Engineers are quickly moving to the fully integrated platform model

Jan 10, 2013 07:29 GMT  ·  By

The more features a central processor steals from motherboard and video cards, the less it qualifies as a central processing unit, as understood by IT engineers. Advanced Micro Devices feels that CPUs are steadily being phased out, or that the term will take on a new meaning soon.

In a conversation with Reuters, Lisa Su outlined this view. She is a senior vice president and the general manager of global business units at AMD.

Unlike most of her colleagues in the company staff, she has not been with AMD for a very long time, which means she does not have the ‘we are x86, we know what we are doing and it is just about building better x86 devices’ mentality.

Then again, it might be that Su is more willing to admit that AMD has already moved away from the idea of a CPU and into SoC territory.

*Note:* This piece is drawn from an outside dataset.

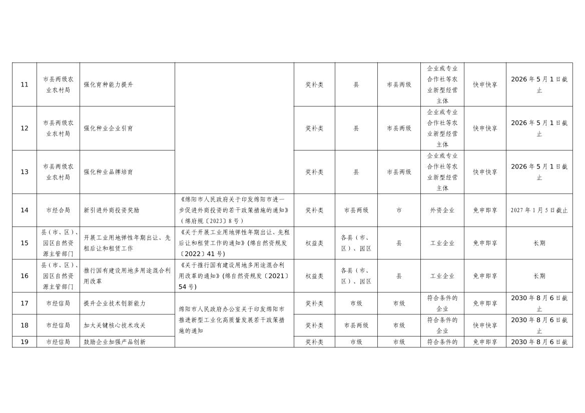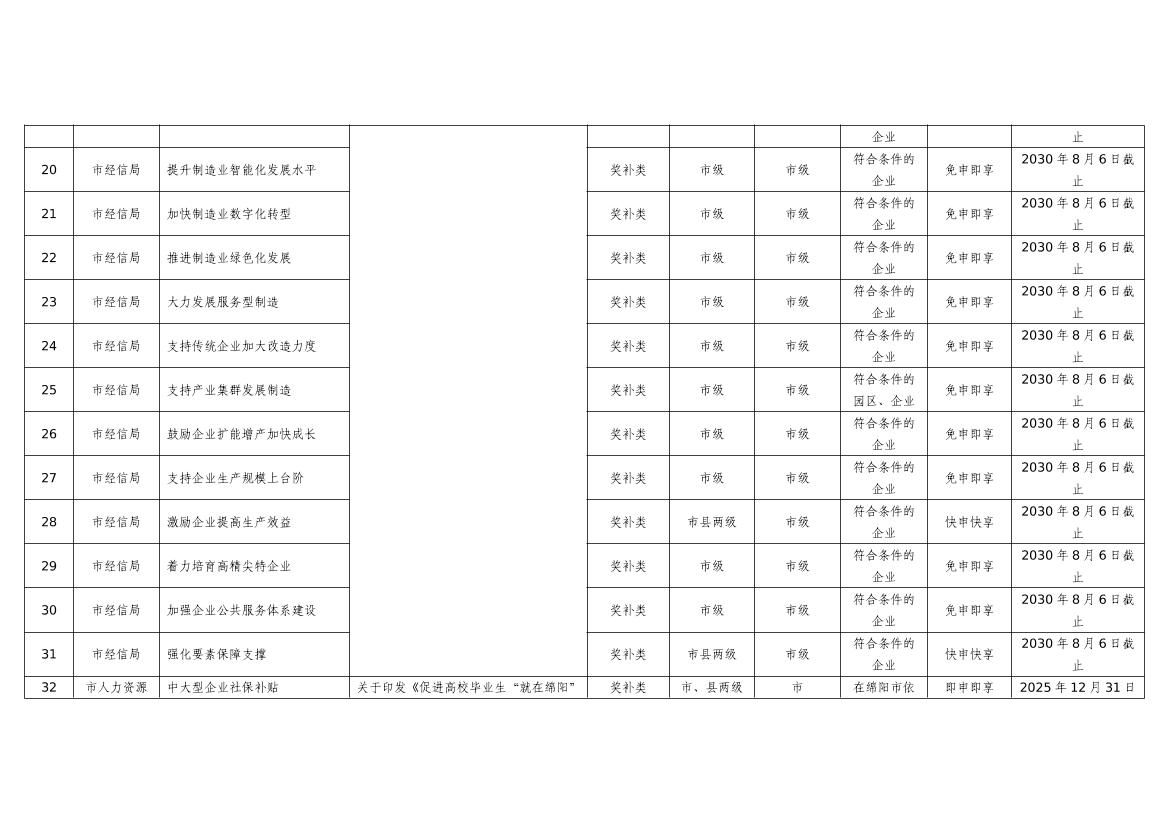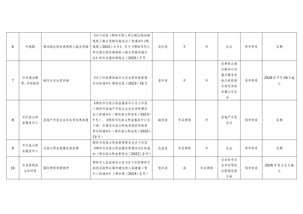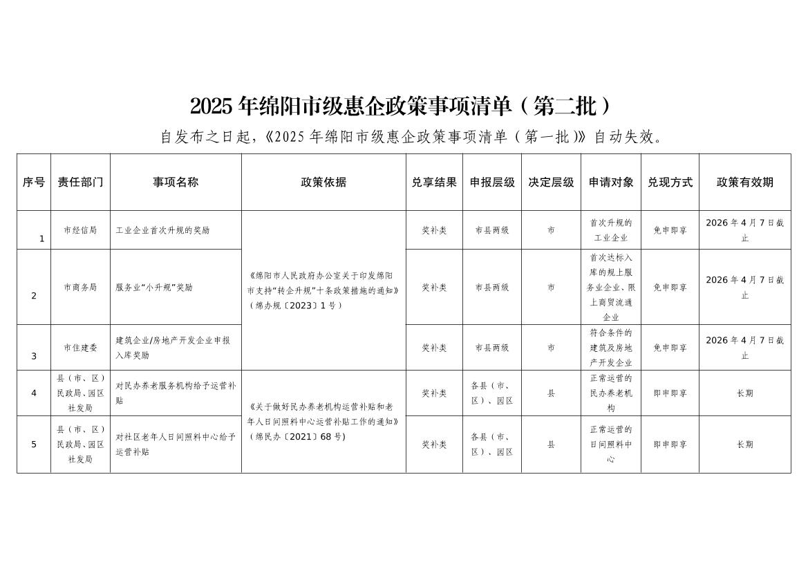 2025年綿陽(yáng)市級(jí)惠企政策事項(xiàng)清單(第二批)

After all, while FX processors and older-generation Athlon units are still around, the bulk of the company's central chip sales consists of APUs.

Accelerated Processing Units have x86 cores, true enough, but they also have full-featured GPUs on the same silicon (graphics processing units), as well as memory controllers.

AMD only has to make the final step where its chips integrate everything else normally left to the motherboard, save for the actual interface slots and port (memory, PCI Express, SATA, USB, etc.).

Indeed, this is what will happen in 2013. Granted, the full transition might not be complete this year, but there is always next year.

Either way, the company's engineers are shifting away from pure microprocessors to system-on-chips. The advent of tablets demands no less.

Sadly, the change in perspective does not come without its costs. Quite a few engineers have resigned, and others have been and are being let go, like employees from other departments, as part of CEO Rory Read's still ongoing reorganization plan.